Created on Mon Jun 20 09:08:38 2011

@author: Jean-Patrick
"""
import time
import numpy as np
from scipy import ndimage as nd

def opencurveToPixelsList(im):
    def scipyEndPoints(imcurve):
        se1=np.array([[0,0,0],[0,1,0],[0,1,0]])
        se2=np.array([[0,0,0],[0,1,0],[0,0,1]])
        EndPoints=np.zeros(imcurve.shape,dtype=np.uint)
        #perform hit & miss 
        for i in (0,3):
            hit1=nd.morphology.binary_hit_or_miss(imcurve,se1)

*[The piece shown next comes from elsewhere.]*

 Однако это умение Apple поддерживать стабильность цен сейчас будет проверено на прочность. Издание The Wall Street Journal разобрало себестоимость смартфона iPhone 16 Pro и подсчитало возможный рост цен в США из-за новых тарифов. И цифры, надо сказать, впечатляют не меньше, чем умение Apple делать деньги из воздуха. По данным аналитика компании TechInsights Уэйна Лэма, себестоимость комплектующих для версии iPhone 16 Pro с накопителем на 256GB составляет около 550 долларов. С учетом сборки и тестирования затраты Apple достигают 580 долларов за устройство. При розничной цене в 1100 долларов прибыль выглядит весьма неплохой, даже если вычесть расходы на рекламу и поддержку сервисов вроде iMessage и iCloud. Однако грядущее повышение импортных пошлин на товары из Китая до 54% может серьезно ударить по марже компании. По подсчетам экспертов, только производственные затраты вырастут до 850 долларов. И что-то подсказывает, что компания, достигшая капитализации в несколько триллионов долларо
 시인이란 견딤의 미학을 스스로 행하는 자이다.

            se1=np.rot90(se1)
            EndPoints=EndPoints+hit1
            hit2=nd.morphology.binary_hit_or_miss(imcurve,se2)

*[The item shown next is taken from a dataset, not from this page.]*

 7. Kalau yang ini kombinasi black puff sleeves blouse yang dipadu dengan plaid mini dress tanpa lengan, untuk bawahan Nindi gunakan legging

            se2=np.rot90(se1)
            EndPoints=EndPoints+hit2
        return EndPoints
    #total number of pixels in the curve
    pixel=np.array([-1,-1])
    pixN=np.sum(im==1)
    pixelsList=[]
    #get end point by H&Miss op by ndimage
    #print scipyEndPoints(im)
    #get end points by hit&miss operator provided by mahotas
    #ep=bep.get_endpoints(im)
    ep=scipyEndPoints(im)
    lab,n=nd.label(ep)
    #where the first endpoint is
    first_indices=np.where(lab==1)
    pixel[0]=first_indices[0][0]
    pixel[1]=first_indices[1][0]
    pixelsList.append(np.copy(pixel))
    #print "first point",first_indices," vector",walkingPixel
    firstEndPoint=np.uint8(lab==1)
    #keep an image of the second end point
    lastEndPoint=np.uint8(lab==2)
    last_Indices=np.where(lastEndPoint==1)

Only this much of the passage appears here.